Another friend of Montaigne’s was about to be married and experience the first night with his new wife, and having been formerly blighted by impotence, was terrified of it happening again on such an important night. Aware that suggestibility was partly responsible for the man’s impotence, Montaigne decided to use it to his advantage, and advised him to do the following:

“As soon as we had left the room he was to withdraw to pass water: he was then to say certain prayers three times and make certain gestures: each time he was to tie round himself the ribbon I had put in his hand and carefully lay the attached medallion over his kidneys, with the figure in the specified position. Having done so, he should draw the ribbon tight so that it could not come undone: then he was to go back and confidently get on with the job, not forgetting to throw my nightshirt over the bed in such a way as to cover them both.”

Michel De Montaigne, The Complete Essays

This fixed the man’s problem, with Montaigne noting that it is “such monkeyings-about that mainly produce results.”

Some Frenchmen weren’t fortunate enough to have Montaigne as a friend. He knew another man who lost his erection with a woman, and believing that the sexual mishap was entirely his fault, scampered home, cut off his penis and sent it to the woman to “atone for his offence.” I assume the consolation was more satisfactory than the sex.
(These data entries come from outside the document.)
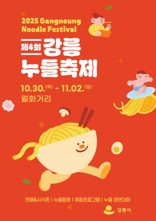 월화거리 일원에서 열리는 누들축제는 낮 12시부터 9시까지(11월 2일은 오후 6시 종료) 운영된다. 강릉의 대표 면 요리와 이색적인 메뉴를 선보이는 누들존, 음료·간식을 곁들일 수 있는 페어링존 등 30여개 부스가 운영된다.
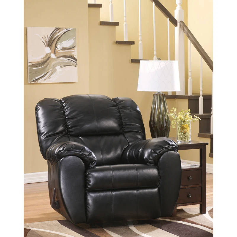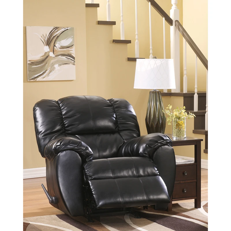 You love the classic look of weatherworn leather, but you want a whole lot more comfort than a standard arm chair can offer. Rest assured, this rocker recliner, a high-quality faux leather option, gives you the best of all worlds. Curved, contemporary lines and stylish stitching details make quite a fashion statement. Plush padded arms, thick bustle-back cushion support are an irresistibly comfortable combination.
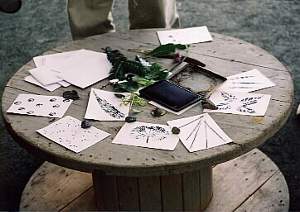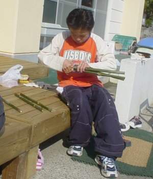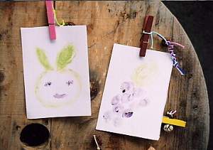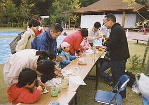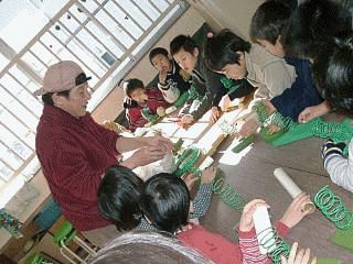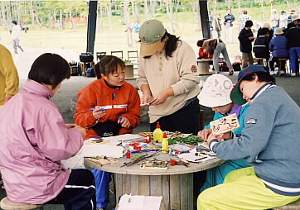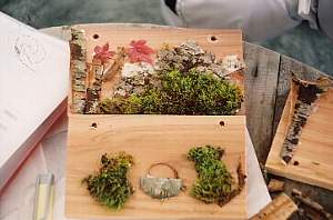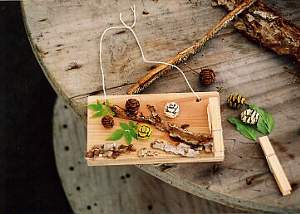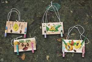 木の実や押し花など、いろいろなものを自分のアイデアで飾ります。
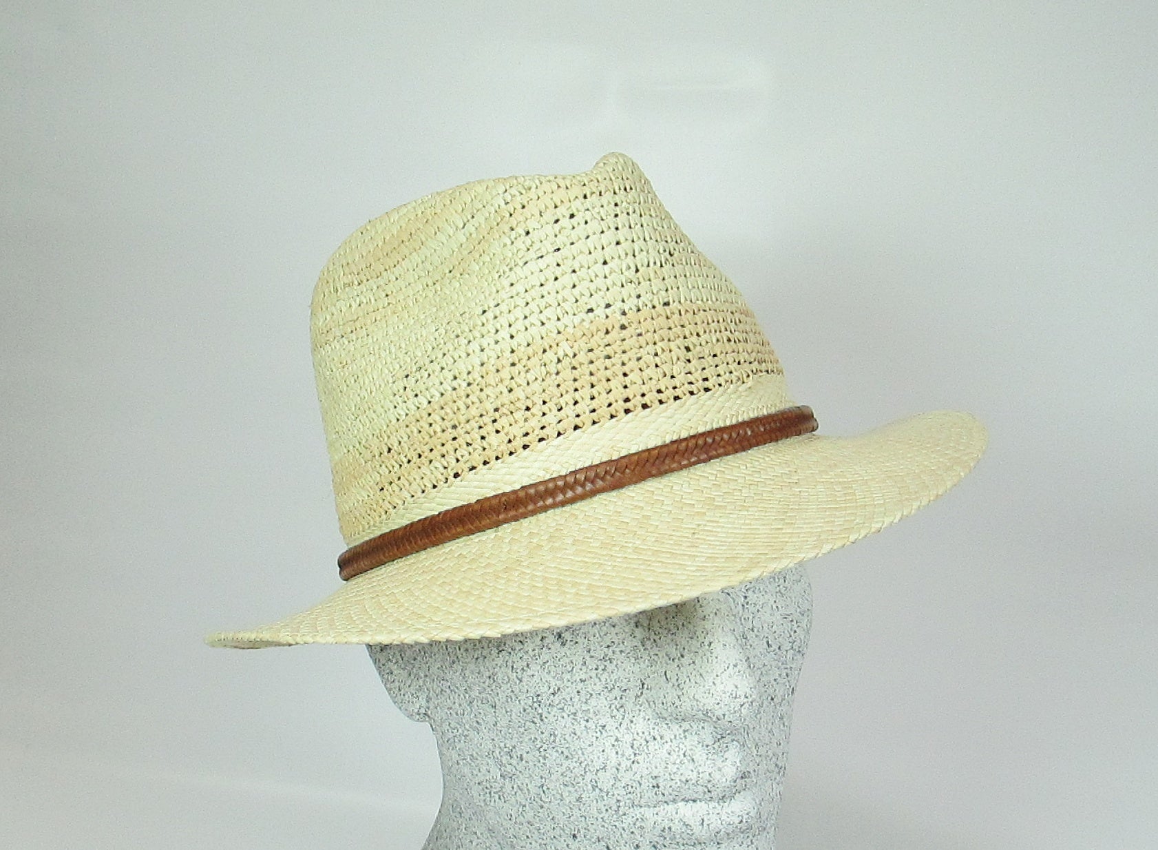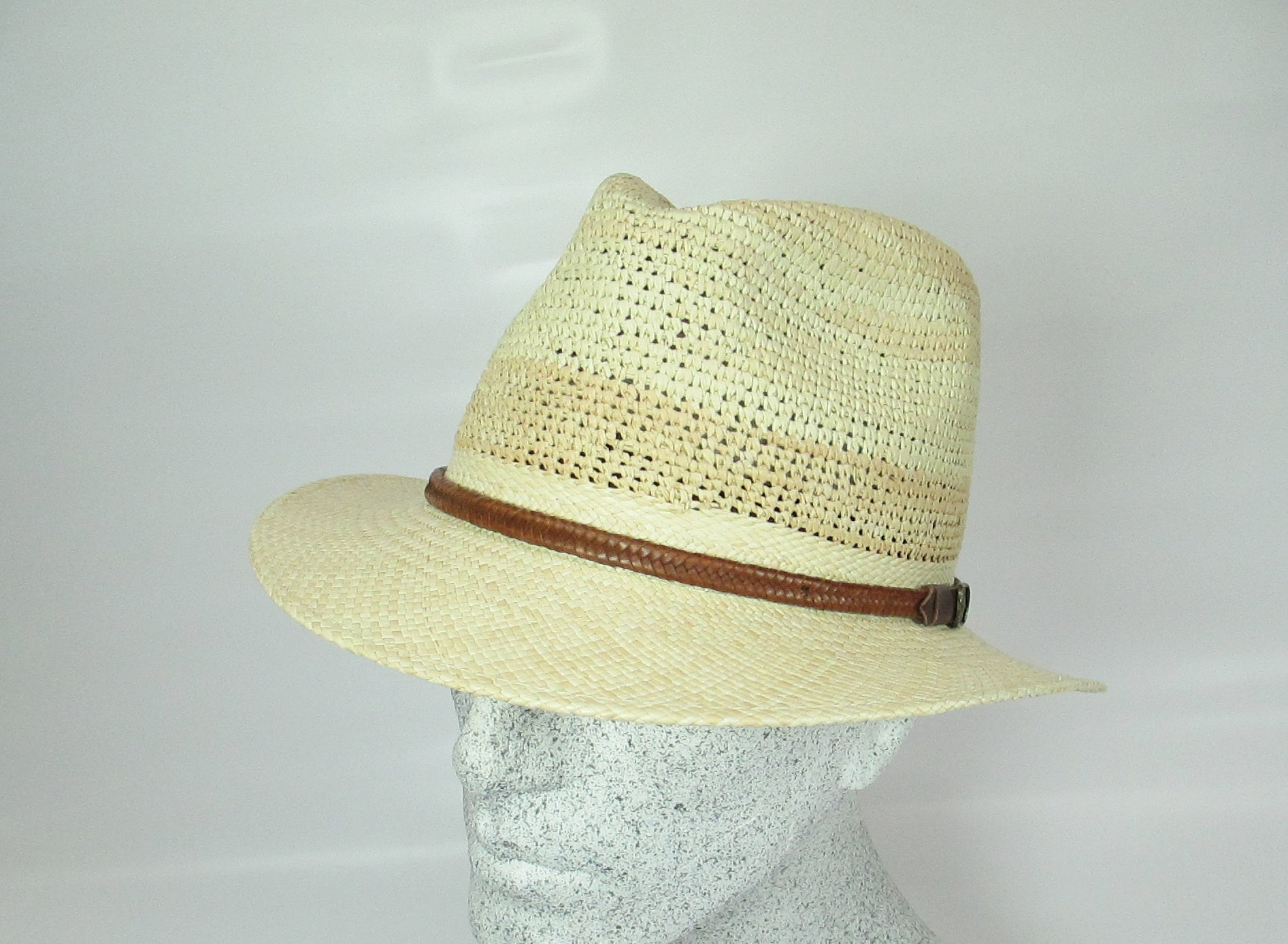 Sporty Panama straw hat garnished with a narrow - braided leather band

If pride is the severer of penises, humility is what’ll sew them back on. We can be confident captains of our fleshy vessels until a howling wind picks up and blows us off course. Tyrannical mastery over our bodies is a pitiful fantasy born from insecurity; flimsy protection against the frightening reality that you have little control over what happens to you, including what happens with your body. Accepting this fact is courageous, and tempers our frustration when things don’t go as planned, whether it’s missing the first step up to the stage while collecting your university degree, the widening bald patch atop your dome, or watching in horror as your penis shrivels like a sad prune. Such mishaps are neither rare or avoidable among our species, and after listening to our self-pitying woes, Montaigne might have sat back, adjusted his pearly-white ruff, and said “so what? Do you think you’re a god?”